A hundred metres past it stood a heavy German anti-tank gun. It had been punched on its side and its blunt muzzle was burried in the snow.
Razin said: ‘When you go watch out for anti-personnel mines. They’ve got three copper whiskers. Tread on those and Meister won’t have a target any more and he wouldn’t want that, would he?’ He looked at Antonov curiously. ‘Now that it’s inevitable, what do you feel?’
‘The same as I always did: I don’t want to kill him.’

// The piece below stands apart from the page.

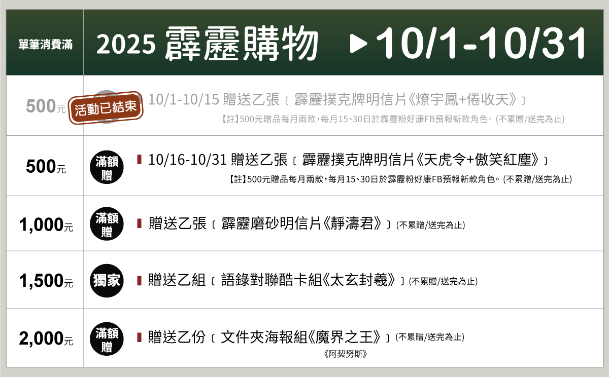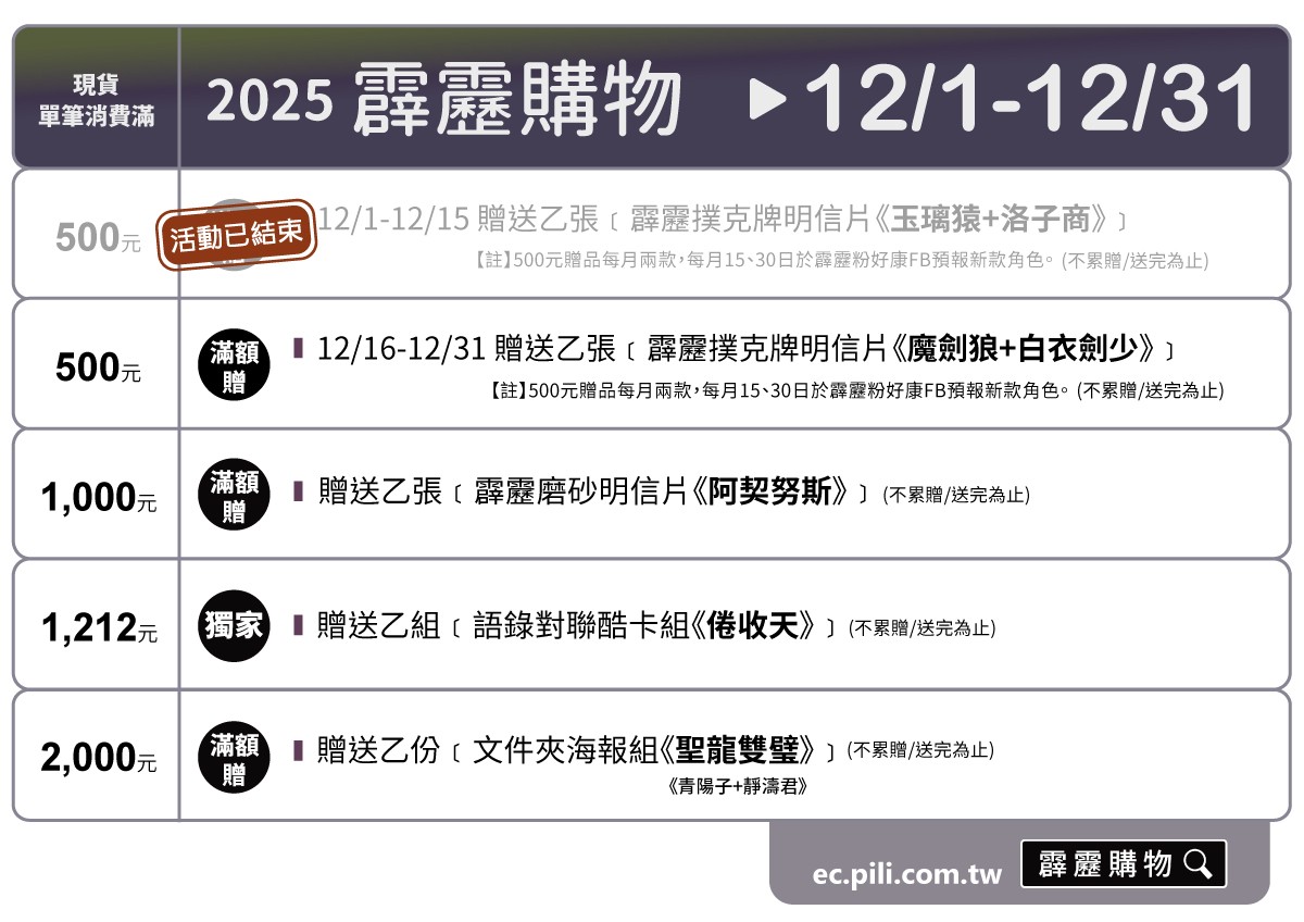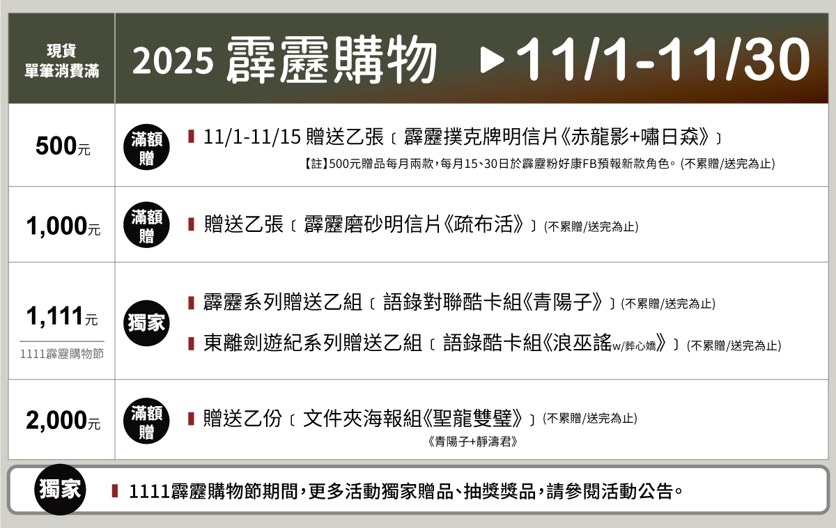 2.贈品內容可參考霹靂粉好康公告,避免錯過最新消息。

‘And he feels the same way?’
‘I don’t know how he feels.’
‘But you think you know.’
‘I should like to have met him in Hamburg,’ Antonov said. ‘In an inn maybe with his friends. His girl-friend perhaps.’

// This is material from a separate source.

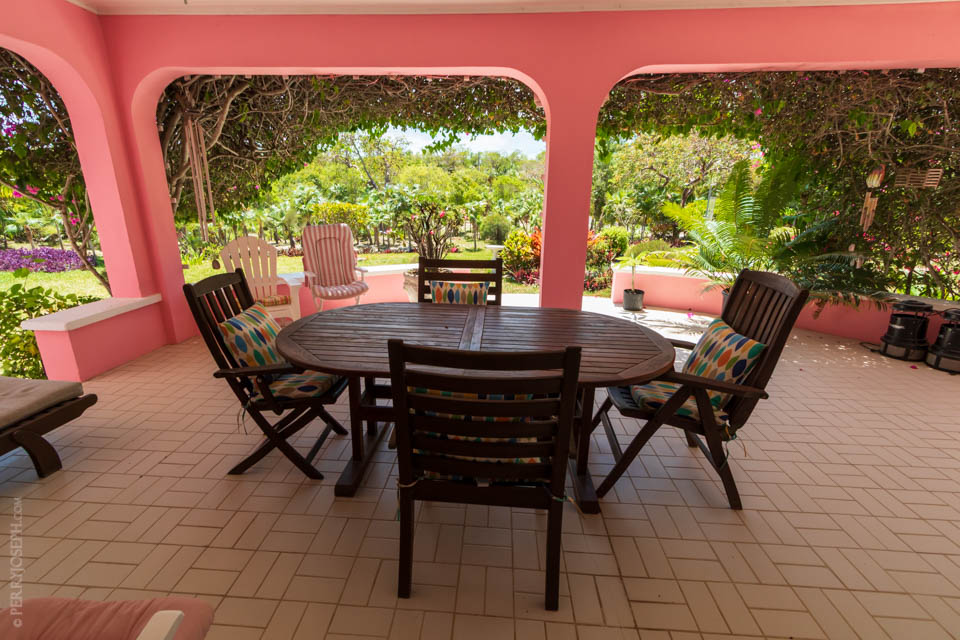 Point O Vue has the perfect setup for outdoor dining. The covered outdoor deck is surrounded by beautiful landscaping that really sets the tone for an excellent gathering and meals. Eleuthera Island, Bahamas.

‘How do you know he’s got one?’
‘That girl in the photograph in the German magazine. But as he’s rich and smart and clever he’s probably got lots of girls.’
‘Will you marry Tasya?’
‘Not now, Stalingrad has re-arranged our lives.’
‘It brought you close together on the east bank. You can’t get much closer than that.’
‘You don’t know what happened over there.’
‘You didn’t spent the time discussing Marxism,’ Razin said.
‘In any case, what’s the point of discussing the future? There is no future for one of us, Meister or me. One of us will never even know the outcome of the war.’
‘We’ll win,’ Razin said. ‘Russia and her enemies will win.’
‘Enemies?’
‘Have you forgotten? Before Germany attacked us Britain and America were our enemies. Imperialists, capitalists. It’s only the Germans who have made them our allies.’
‘Do you think they will become enemies again when all this is over?’
‘It’s a possibility,’ Razin said. He picked up the rifle he had brought with him from the east bank and began to clean it. ‘A distinct possibility.’
‘You make it sound as if we’re fighting for nothing.’
‘We fought,’ Razin said, ‘because we had to.’
‘I would like to think there was some glory in it somewhere.’
Razin said: ‘Glory is for gravestones.’
‘Maybe we’re fighting to end all wars. Maybe people will look back upon Stalingrad and think, “Nothing was worth that. Nothing like that must ever happen again.’”
‘Or maybe they’ll say, “Stalingrad? Where was that? What happened there?’”
‘I want to believe that I’ve got to kill Meister for a reason.’
Razin leaned his rifle against the wall. ‘You’re forcing my hand,’ he said. ‘The important thing is that there isn’t any reason: you don’t want to kill each other.’
Antonov gazed into a time when there was no war and saw Meister sitting in an inn covered with an envelope of snow. He was drinking beer from a tankard and smiling at the girl in the photograph. He looked closer and the young man wasn’t Meister, it was himself.
* * *
Lanz emerged from the rest-room of the bathhouse carrying the dead soldier’s rifle. It was an SVT1938 fitted with a telescopic sight; the soldier had been a sniper too.
He sat close to the pipes on the wall, hissing with steam since he had lit the boiler downstairs, and examined it.
Meister, sitting half way down the tier of marble benches, said: ‘They did away with those last year. They were too light, too fragile.’
‘But pretty,’ Lanz said, running his finger along the cleaning rod fitted to the side of the stock instead of underneath it. He lit a Russian cigarette, a Kazbeck, and inhaled, grimacing. ‘So which of you is going hunting?’
‘Whoever makes a move becomes a target. Even if it’s snowing.’
‘You or him?’
‘Both of us?’
‘Well for God’s sake get it over with,’ Lanz said. ‘This is no way to spend Christmas Eve.’
‘You wanted to stretch it out not so long ago.’
‘And now I want an end to it. An end to the siege. An end to the war. Goodbye Russia. Hallo Berlin.’